General Data Protection Regulation (GDPR) Privacy Notice
Crown House Osteopaths provides direct osteopathic care and health care advice for members of the public on the premises.
To treat appropriately it is necessary for the osteopath to write a case history during the initial consultation, which is then updated with each successive visit, detailing your main concerns and reasons for seeking osteopathic treatment, the osteopathic diagnosis and details of progression of treatment administered. This is handwritten on single copy only and is kept on the practice premises.
The case history may include the following information:
-Name, address, email address, phone contact, date of birth, family history, GP details, your referrer, details of appointments and other contacts we have had with you.
-Health information you have supplied e.g. previous medical history, current and historical medications, diet and lifestyle, results of tests performed by us or by other parties that you have shared with us, advice you have received and shared with us from other practitioners.
Information from Other Sources
Subject to giving your express consent and where necessary for providing the most appropriate treatment for you, we may obtain information about you from other healthcare providers or from testing companies.
How do we use this information?
The personal information that we hold will be used only to provide you with direct and appropriate osteopathic healthcare. The legal basis for holding your personal data is that of legitimate interest only.
How do we store this information?
This is recorded on handwritten notes on single copy, stored on the practice premises.

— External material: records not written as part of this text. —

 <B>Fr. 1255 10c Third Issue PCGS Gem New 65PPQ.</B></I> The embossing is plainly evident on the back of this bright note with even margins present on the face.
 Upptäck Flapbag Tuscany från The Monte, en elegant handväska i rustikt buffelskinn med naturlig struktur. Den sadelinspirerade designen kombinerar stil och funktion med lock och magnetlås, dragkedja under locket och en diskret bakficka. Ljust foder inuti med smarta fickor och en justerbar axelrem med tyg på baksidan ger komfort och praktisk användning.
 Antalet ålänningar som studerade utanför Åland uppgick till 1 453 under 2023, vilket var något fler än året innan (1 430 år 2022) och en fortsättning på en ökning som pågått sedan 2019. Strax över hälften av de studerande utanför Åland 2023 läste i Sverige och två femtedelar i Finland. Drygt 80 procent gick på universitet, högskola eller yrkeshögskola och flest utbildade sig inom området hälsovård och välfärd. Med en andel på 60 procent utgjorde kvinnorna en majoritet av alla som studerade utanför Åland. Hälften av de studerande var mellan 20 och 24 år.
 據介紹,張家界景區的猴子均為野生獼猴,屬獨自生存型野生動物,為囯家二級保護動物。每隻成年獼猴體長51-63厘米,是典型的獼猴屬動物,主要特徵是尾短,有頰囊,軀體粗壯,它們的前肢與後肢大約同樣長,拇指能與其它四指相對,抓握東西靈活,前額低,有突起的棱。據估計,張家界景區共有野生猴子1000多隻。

How do we use your personal data?
Your data will be used purely for the purposes of offering you the most effective treatment that we can. Only the practitioner, or practitioners, in this practice, giving you osteopathic treatment, will read it. It will only be shared with third parties with your express permission for the purpose of giving you the best treatment outcome or for insurance claims on your behalf.

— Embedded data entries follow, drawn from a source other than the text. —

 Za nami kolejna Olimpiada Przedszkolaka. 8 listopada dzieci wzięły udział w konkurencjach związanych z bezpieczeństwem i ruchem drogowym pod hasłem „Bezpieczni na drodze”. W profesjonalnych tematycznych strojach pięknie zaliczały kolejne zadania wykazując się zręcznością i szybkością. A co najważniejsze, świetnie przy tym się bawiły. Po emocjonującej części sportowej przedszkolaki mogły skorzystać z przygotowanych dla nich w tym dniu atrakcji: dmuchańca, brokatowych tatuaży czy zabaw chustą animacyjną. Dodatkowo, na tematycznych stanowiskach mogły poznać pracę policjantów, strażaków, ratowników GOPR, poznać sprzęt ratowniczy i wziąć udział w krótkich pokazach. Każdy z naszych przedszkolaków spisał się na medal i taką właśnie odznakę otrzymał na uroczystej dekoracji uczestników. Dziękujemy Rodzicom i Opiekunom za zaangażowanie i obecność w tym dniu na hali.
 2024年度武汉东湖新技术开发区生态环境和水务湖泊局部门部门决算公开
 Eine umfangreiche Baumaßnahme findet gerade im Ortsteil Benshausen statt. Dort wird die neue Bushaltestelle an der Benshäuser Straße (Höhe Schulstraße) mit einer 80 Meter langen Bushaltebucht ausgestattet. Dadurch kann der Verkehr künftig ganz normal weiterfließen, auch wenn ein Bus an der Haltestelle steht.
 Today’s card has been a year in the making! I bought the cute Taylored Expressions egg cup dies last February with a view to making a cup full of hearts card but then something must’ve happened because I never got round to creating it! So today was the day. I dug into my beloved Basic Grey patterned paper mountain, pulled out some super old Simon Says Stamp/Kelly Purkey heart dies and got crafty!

We undertake to protect your personal data, including any health or contact details, in a manner consistent with our duty of professional confidence and the requirements of the General Data Protection Regulation (GDPR) concerning data protection. We also take reasonable security measures to protect your personal data storage.

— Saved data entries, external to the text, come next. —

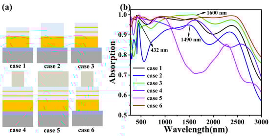 Since the size structure of the model largely determines the SPR of the nanomaterials and thus the absorption properties, there is a pressing need to analyze the different shape structures []. Figure 5a shows six cases of different shape structures. Figure 5b shows the absorption of the six different model structures at incident light wavelengths of 280 nm–3000 nm. In these six cases, the structural parameters of the material and the thickness and radius of the film and disc are the same.
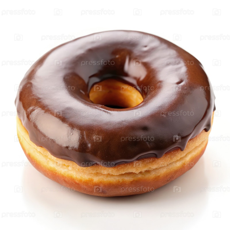 Вкусный пончик, покрытый шоколадом на белом фоне в стандартной шкале
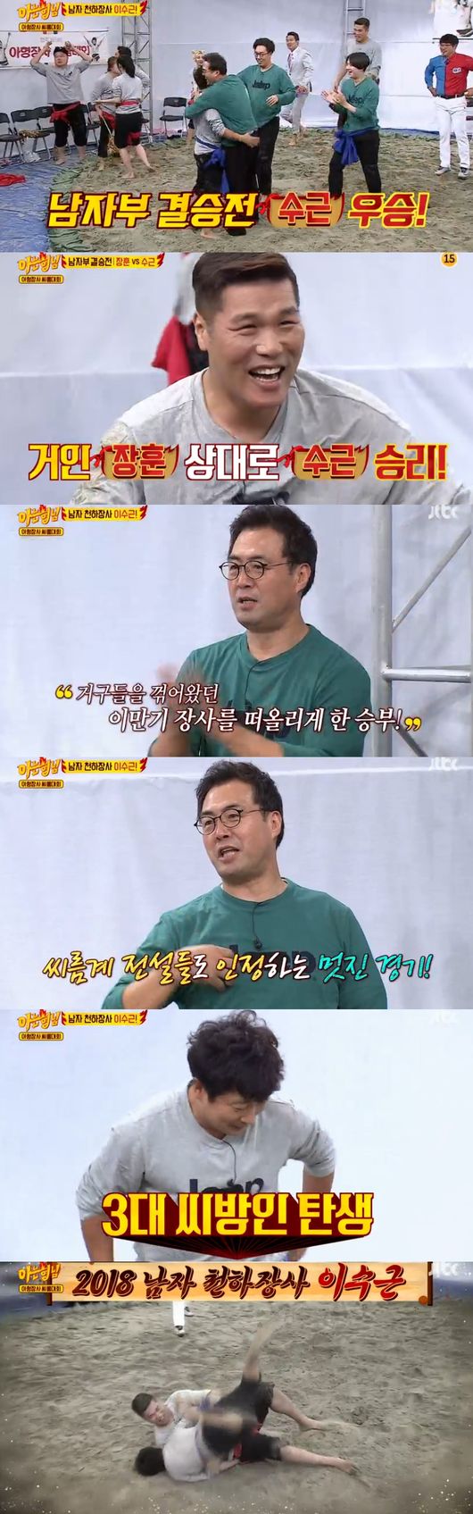 호동팀이 전승했고, 대망의 남자결승이 이어졌다. 천하장사를 건 수근과 장훈이 대결, 이때, 누구도 예상못한 대이변이 일어났다. 거인인 서장훈을 넘기며 이수근이 승리한 것. 양팀을 흥분시킨 엄청난 대결이었다. 43센치란 신장차이를 극복했기 때문. 이만기는 "수근아 사랑한다, 씨름한 내가 봐도 멋있다"라며 박수쳤다.
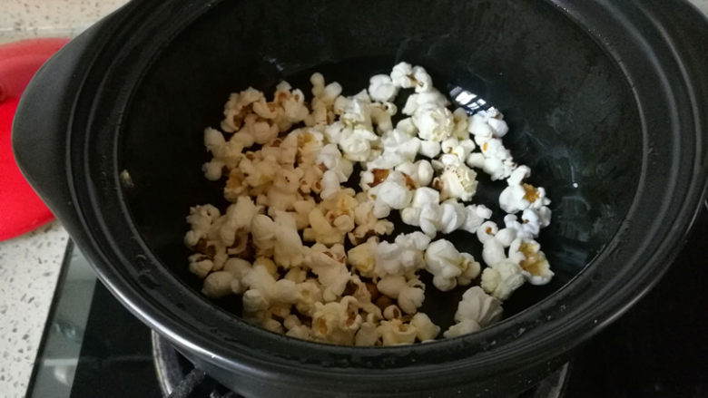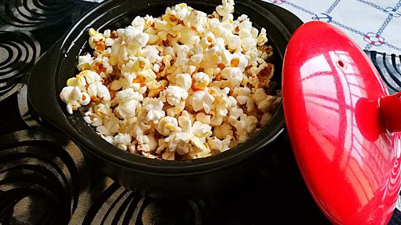 7. 关火,静置三十秒再开盖。又白又胖的玉米花可以吃了。
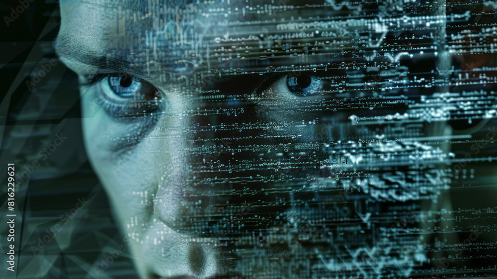 The watermark will not be included on Wall mural.: The face of a human being with an array of code stock photo,generative ai

We will never use your personal information for any promotional or marketing purposes.
Sharing your data with third parties
We will keep your personal information absolutely confidential. We will only disclose your personal information with your express consent to third parties such as:
-Our Registering body, and professional association for the processing of any complaint made by you.
-Anyone to whom, with your express consent, we may transfer responsibility for your osteopathic and general healthcare, referrals to specialists etc.
We will seek your express consent before sharing your information with your GP or other healthcare providers. However, if we believe your life is in danger then we may pass your information onto an appropriate authority (such as police, social services in the case of a child or vulnerable adult, or GP in case of self-harm) using the legal basis of Vital Interests.
What are your rights?
You have the right to see, amend, delete and have a copy of any data held that could identify you. You do not need to give reason to see your data. However, we have a professional duty to keep your records for 7 years.
If you wish to access your data you will need to make a subject access request in writing to the main osteopath giving you treatment at the practice postal or email address. Under special circumstances some information may be withheld. We shall respond within 20 days of receiving your request. Our response will include details of the personal data we hold on you including:
-Sources from which we acquired the information
-Purpose of holding and processing information
-Third parties with whom we share information
You have the right, subject to exemptions to ask to:
-Have your information deleted, corrected or updated where no longer accurate.
-Ask us to stop holding information about you where not required to do so by law.
-Receive a copy of your personal data, which you have provided to us, in a structured, commonly used and machine-readable format and have the right to transmit that data to another controller without hindrance from us.
– Object at any time to the processing of your personal data
-We do not carry out any automated processing that may lead to automated decisions based on your personal data.
If you would like to invoke any of the above rights then please write to the main osteopath administering your treatment at the practice postal or email address above.
What safeguards exist to secure your personal data?
We only process the information that may identify you in accordance with the GDPR. This requires us to process personal data only if there is legitimate basis for doing so and that any processing must be fair and lawful.
Within the health sector we also must follow the common-law duty of confidence, which means that where identifiable information about you has been given in confidence, it should be treated as confidential and only shared for providing direct healthcare. We will protect your information, inform you of how your information will be used and allow you to decide if and how your information can be shared.
How long do we keep this information?
Following the completion of your course of osteopathic treatment we retain your personal data for the period, recommended by the General Osteopathic Council (GOsC), of 7 years. The information will then be professionally shredded.
If you have a complaint regarding the use of your personal data please contact us by writing to your main osteopath at the practice postal or email address.
If your complaint is not resolved to your satisfaction and you wish to make a formal complaint to the Information Commissioners Office (ICO), you can contact them on 0303 123 1113
Cookies are not used on this site at this time.